• TASK REQUIREMENTS:
Reduce the material below to its lines containing "dans".

• RECORDS PROVIDED:
────

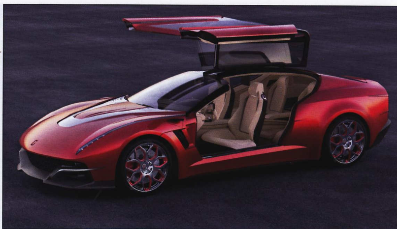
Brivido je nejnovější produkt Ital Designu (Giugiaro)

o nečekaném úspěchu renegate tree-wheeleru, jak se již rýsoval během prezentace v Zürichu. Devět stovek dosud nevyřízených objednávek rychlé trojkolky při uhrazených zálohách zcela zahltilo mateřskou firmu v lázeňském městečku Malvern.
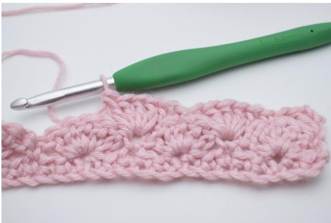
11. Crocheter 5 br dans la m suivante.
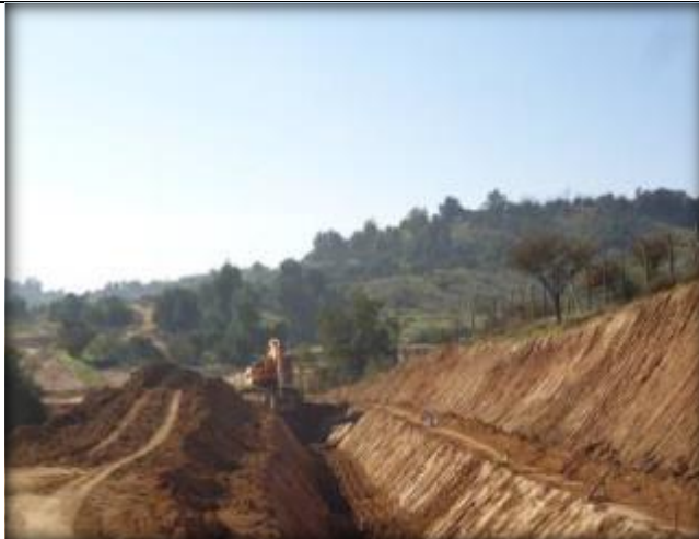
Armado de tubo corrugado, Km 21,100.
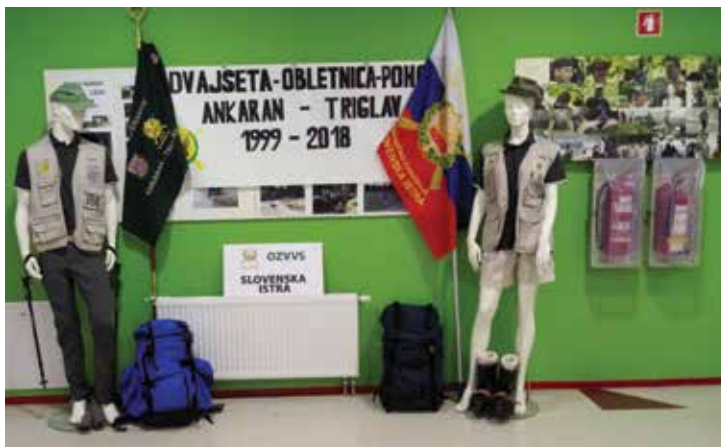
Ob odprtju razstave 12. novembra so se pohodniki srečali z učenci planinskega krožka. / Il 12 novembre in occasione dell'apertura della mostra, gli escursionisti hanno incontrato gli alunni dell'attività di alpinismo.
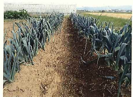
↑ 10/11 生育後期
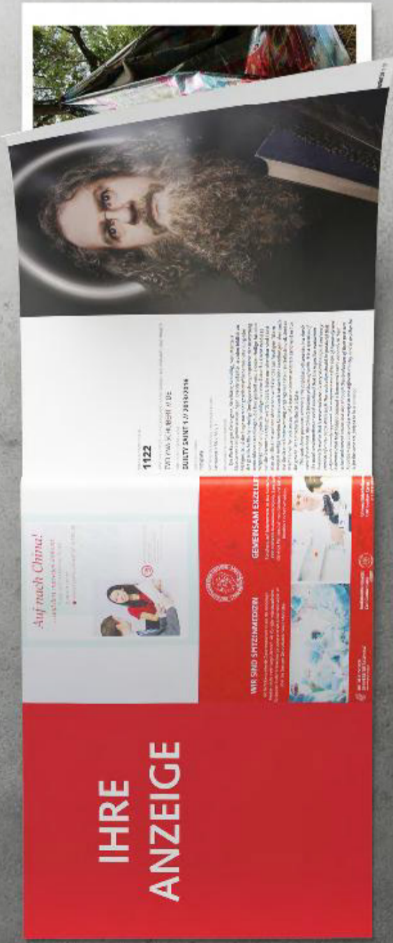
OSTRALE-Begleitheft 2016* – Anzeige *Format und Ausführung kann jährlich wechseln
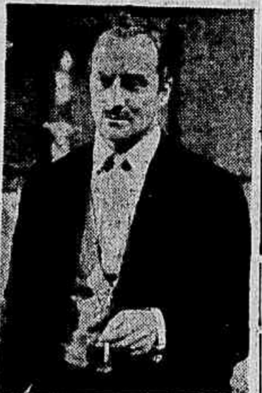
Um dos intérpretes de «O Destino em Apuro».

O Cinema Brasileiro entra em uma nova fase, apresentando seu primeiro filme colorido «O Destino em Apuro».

────

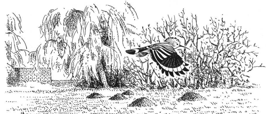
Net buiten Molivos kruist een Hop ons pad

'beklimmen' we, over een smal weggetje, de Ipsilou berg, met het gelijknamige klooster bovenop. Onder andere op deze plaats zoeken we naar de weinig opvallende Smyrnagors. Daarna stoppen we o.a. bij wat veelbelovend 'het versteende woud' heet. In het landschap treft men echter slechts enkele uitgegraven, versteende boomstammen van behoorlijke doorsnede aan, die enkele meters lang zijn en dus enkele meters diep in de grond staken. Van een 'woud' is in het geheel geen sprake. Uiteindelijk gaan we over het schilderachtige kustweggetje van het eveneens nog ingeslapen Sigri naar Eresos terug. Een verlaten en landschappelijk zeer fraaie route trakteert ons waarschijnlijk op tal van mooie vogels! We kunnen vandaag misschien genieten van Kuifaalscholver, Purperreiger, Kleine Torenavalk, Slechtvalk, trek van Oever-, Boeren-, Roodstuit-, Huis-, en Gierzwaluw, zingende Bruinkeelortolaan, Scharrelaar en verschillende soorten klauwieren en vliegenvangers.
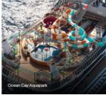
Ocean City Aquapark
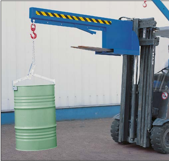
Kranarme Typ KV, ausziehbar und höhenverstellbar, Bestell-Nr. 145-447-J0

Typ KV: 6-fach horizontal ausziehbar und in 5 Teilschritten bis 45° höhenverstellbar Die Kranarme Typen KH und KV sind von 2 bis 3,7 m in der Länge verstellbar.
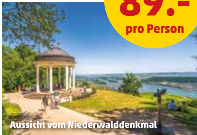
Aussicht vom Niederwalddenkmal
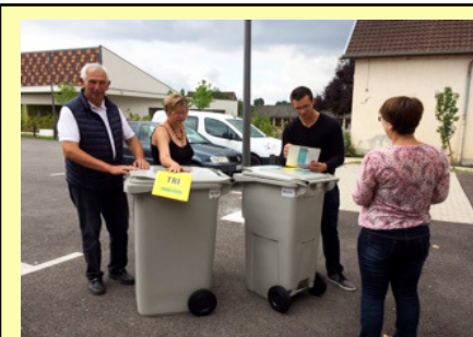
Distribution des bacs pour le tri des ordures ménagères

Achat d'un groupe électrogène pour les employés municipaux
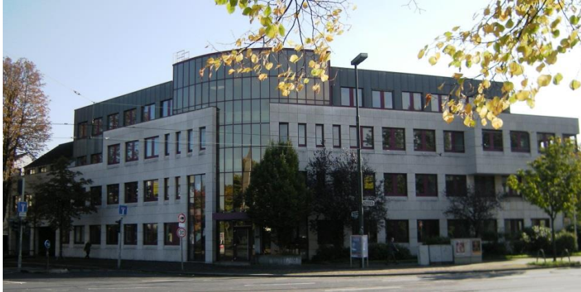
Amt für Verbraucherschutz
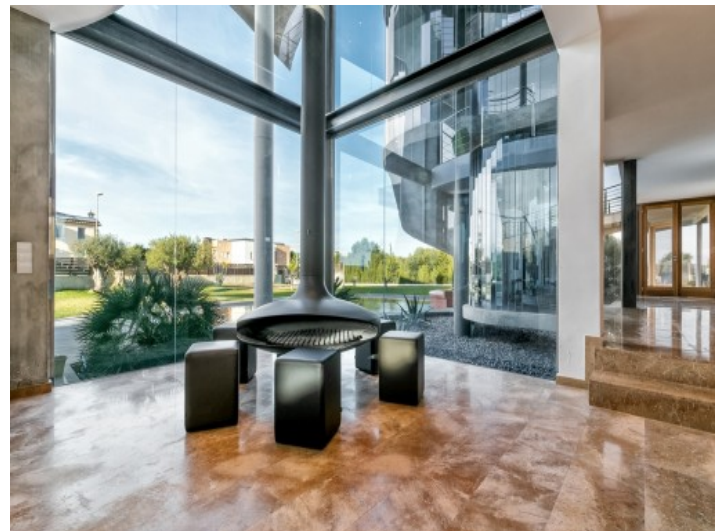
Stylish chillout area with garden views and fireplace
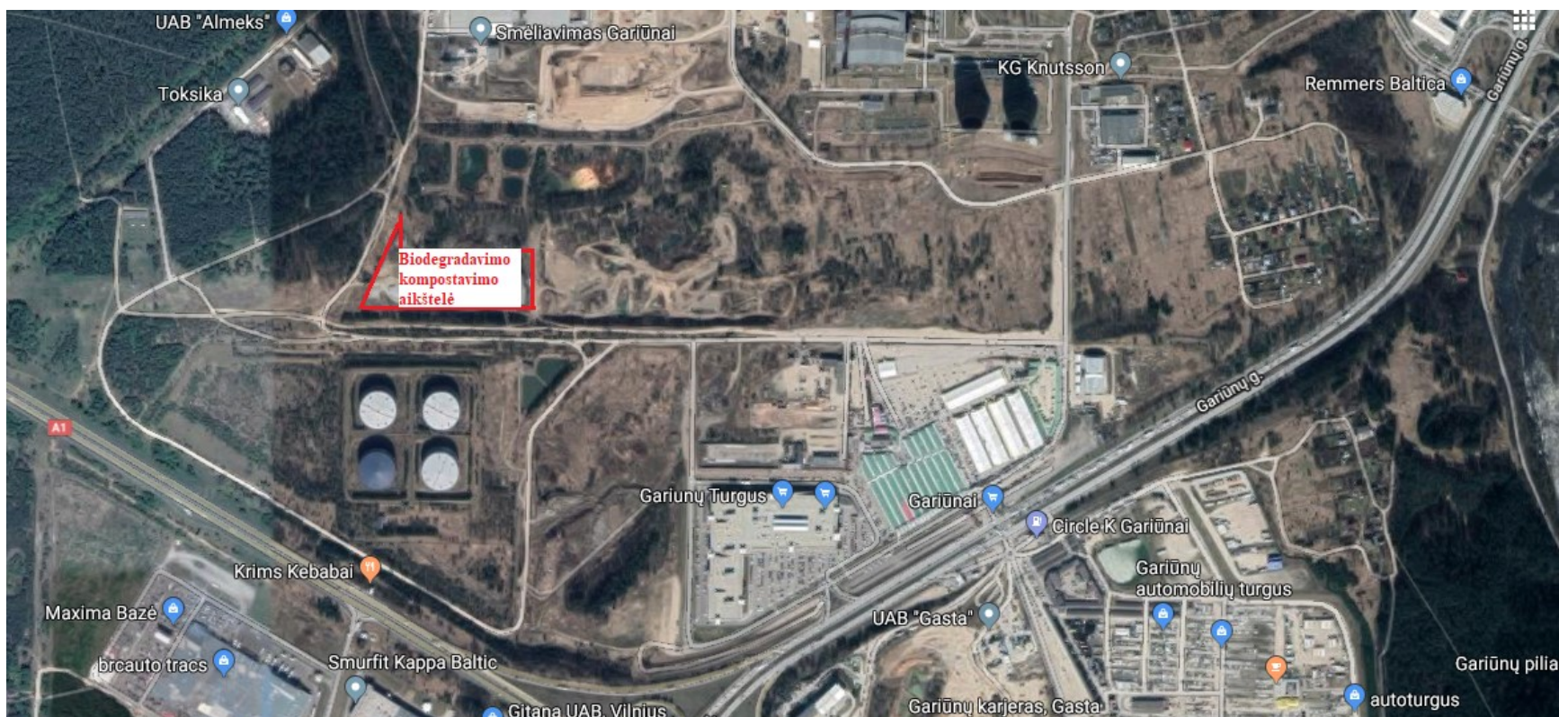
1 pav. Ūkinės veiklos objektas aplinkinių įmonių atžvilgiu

────

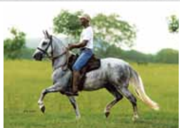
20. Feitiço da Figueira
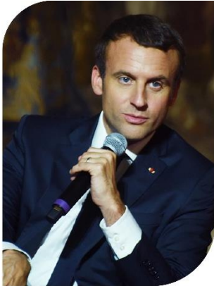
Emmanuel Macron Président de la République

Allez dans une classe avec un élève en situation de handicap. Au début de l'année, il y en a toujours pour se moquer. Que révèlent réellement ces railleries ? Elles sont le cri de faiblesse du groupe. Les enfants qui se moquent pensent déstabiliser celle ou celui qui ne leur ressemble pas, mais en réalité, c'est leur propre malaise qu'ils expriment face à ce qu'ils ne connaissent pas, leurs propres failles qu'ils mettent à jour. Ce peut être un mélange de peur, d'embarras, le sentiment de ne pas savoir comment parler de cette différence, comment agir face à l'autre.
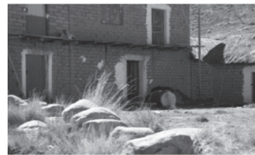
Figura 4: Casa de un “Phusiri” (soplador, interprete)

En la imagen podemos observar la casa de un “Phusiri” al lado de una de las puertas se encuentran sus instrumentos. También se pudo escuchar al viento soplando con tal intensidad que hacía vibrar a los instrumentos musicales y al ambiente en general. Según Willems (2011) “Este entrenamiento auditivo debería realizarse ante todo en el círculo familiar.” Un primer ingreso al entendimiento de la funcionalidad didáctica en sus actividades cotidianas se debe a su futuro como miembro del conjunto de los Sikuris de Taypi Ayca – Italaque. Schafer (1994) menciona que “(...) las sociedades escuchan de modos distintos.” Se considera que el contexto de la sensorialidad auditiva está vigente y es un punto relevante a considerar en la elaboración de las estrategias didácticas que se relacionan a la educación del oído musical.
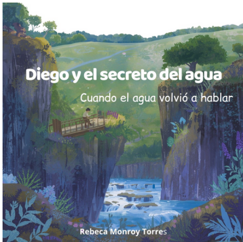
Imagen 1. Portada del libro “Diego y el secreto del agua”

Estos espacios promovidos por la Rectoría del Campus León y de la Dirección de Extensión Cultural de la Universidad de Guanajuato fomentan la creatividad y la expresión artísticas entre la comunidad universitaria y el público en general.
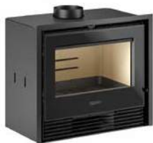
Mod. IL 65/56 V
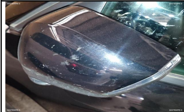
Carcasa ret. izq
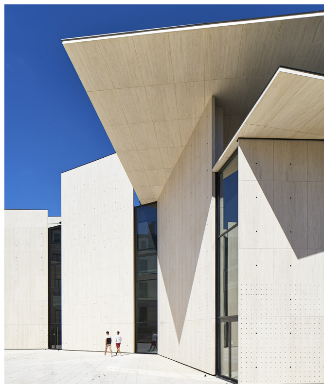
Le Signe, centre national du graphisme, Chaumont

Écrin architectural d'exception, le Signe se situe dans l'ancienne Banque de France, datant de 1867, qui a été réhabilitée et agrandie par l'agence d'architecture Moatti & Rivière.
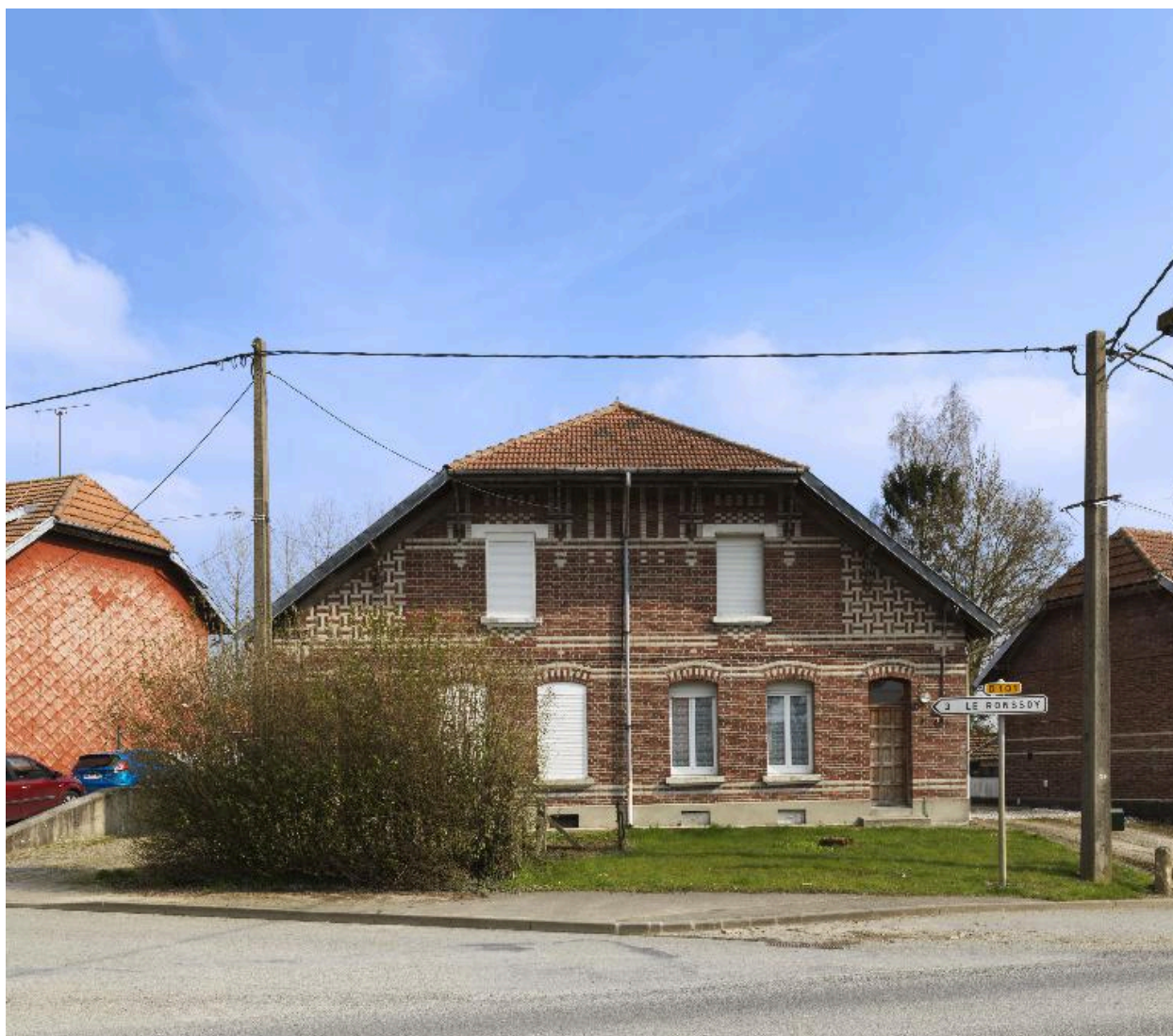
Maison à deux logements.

────

• FINISHED EXERCISE:
11. Crocheter 5 br dans la m suivante.
Allez dans une classe avec un élève en situation de handicap. Au début de l'année, il y en a toujours pour se moquer. Que révèlent réellement ces railleries ? Elles sont le cri de faiblesse du groupe. Les enfants qui se moquent pensent déstabiliser celle ou celui qui ne leur ressemble pas, mais en réalité, c'est leur propre malaise qu'ils expriment face à ce qu'ils ne connaissent pas, leurs propres failles qu'ils mettent à jour. Ce peut être un mélange de peur, d'embarras, le sentiment de ne pas savoir comment parler de cette différence, comment agir face à l'autre.
Écrin architectural d'exception, le Signe se situe dans l'ancienne Banque de France, datant de 1867, qui a été réhabilitée et agrandie par l'agence d'architecture Moatti & Rivière.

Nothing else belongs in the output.